UTA collaborating on study of disease that’s devastating coral reef communities

Wednesday, Jun 12, 2019 • Media Contact : UT Arlington Media Relations

The University of Texas at Arlington is one of five institutions collaborating on how to address the outbreak of a disease that is devastating coral reef communities in the U.S. Virgin Islands.

Laura Mydlarz, UTA professor of biology

Laura Mydlarz, UTA professor of biology, is a co-investigator for the project, titled “Predicting the Spread of Multi-Species Coral Disease Using Species Immune Traits.” Its main goal is to produce a model that can predict the impact of multi-species disease spread on reefs based on coral species groups.

The study is being funded by a $200,000 grant from the National Science Foundation’s Division of Ocean Sciences.

Coral disease is a significant and increasing threat to reef systems in the Caribbean. In early 2019, a multi-species rapid tissue loss disease matching the description of stony coral tissue loss disease was discovered severely affecting a reef off the southwest coast of St. Thomas in the U.S. Virgin Islands.

The disease has been devastating coral reef communities off the southeast coast of Florida since 2014 and was recently reported in other areas of the Caribbean, including Mexico, St. Martin and Jamaica. Scientists believe it will likely spread across the U.S. Virgin Islands, British Virgin Islands and Puerto Rico.

“My lab will assess immunity and disease resistance in coral based on a unique combination of immune phenotypes including expressed genes and protein activity,” Mydlarz said. “This approach of full transcriptome sequencing, paired with analysis models that include organismal phenotypes, will allow us to build pathways and turn groups of genes into immune traits.”

Stony coral tissue loss disease differs from the “bleaching” that is damaging coral reefs around the world. Bleaching is caused by thermal stress and begins by killing symbiotic algae that live on corals.

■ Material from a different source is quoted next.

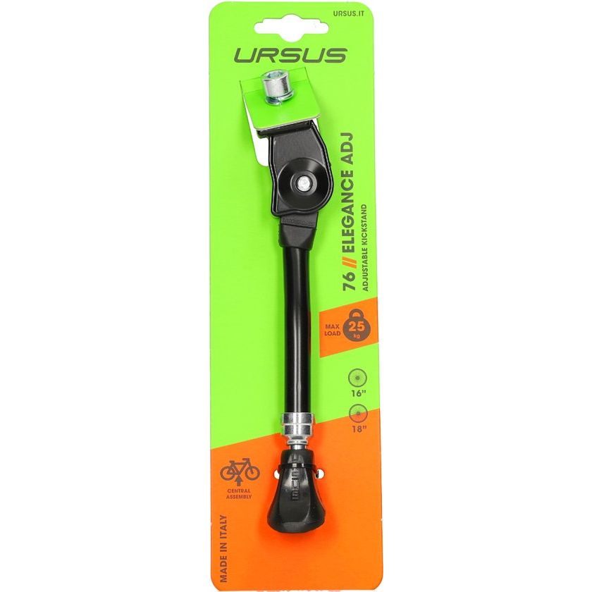 Geschikt voor 18" en 20" fietsen Verstelbaar d.m.v. draaien aan het stalen deel Voor bevestiging aan montageplaat achter de trapas Afmeting montageplaat: 55 x 29 mm Met veiligheidsvoet Incl. inbusbout M8 x 20 mm Gewicht: 204 gram Kleur: zwart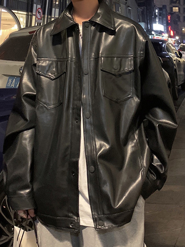 Men’s Vintage Flap Pocket Lapel Neck Leather Motorcycle Jacket

There is a possibility that bleached corals can recover over time. Stony coral tissue loss disease appears to be a spreading pathogen and is capable of killing an entire coral in five weeks, according to Marilyn Brandt, University of the Virgin Islands research associate professor of marine and environmental science and lead investigator of the project.

Researchers will perform experiments to discover how this disease affects coral species’ immune traits and compare the microbiology and physiology of disease samples in the Virgin Islands to samples from Florida. They will also examine how changing the species composition of a coral community affects the spread and impact of the disease.

“The onset of this [outbreak] in the USVI offers an unprecedented opportunity to test hypotheses about the impact of coral resistance, tolerance and immune traits on disease spread during the early stages of an outbreak that could profoundly change the diversity of Caribbean reefs,” the researchers wrote in their abstract for the project.

Mydlarz and her colleagues hope that the study will provide a better understanding of how the abundance of highly susceptible host species impacts the spread of disease during the early onset of a multi-species outbreak over a wide geographic area.

In addition to UTA, the project includes researchers from the University of the Virgin Islands, Woods Hole Oceanographic Institution of Massachusetts, Rice University, Louisiana State University and Mote Marine Laboratory of Florida.

Clay Clark, professor and chair of the UTA Department of Biology, said the project can provide important information for the battle against coral disease and reef loss, and noted that it expands UTA’s footprint in the area of global environmental impact.

“The team that Dr. Mydlarz is a part of is doing critical work in the fight against coral disease and coral reef loss,” Clark said. “If they’re able to create a model to help predict what effect the spread of disease has on coral reefs, it would be a significant step forward in helping scientists devise the best way to fight these diseases.”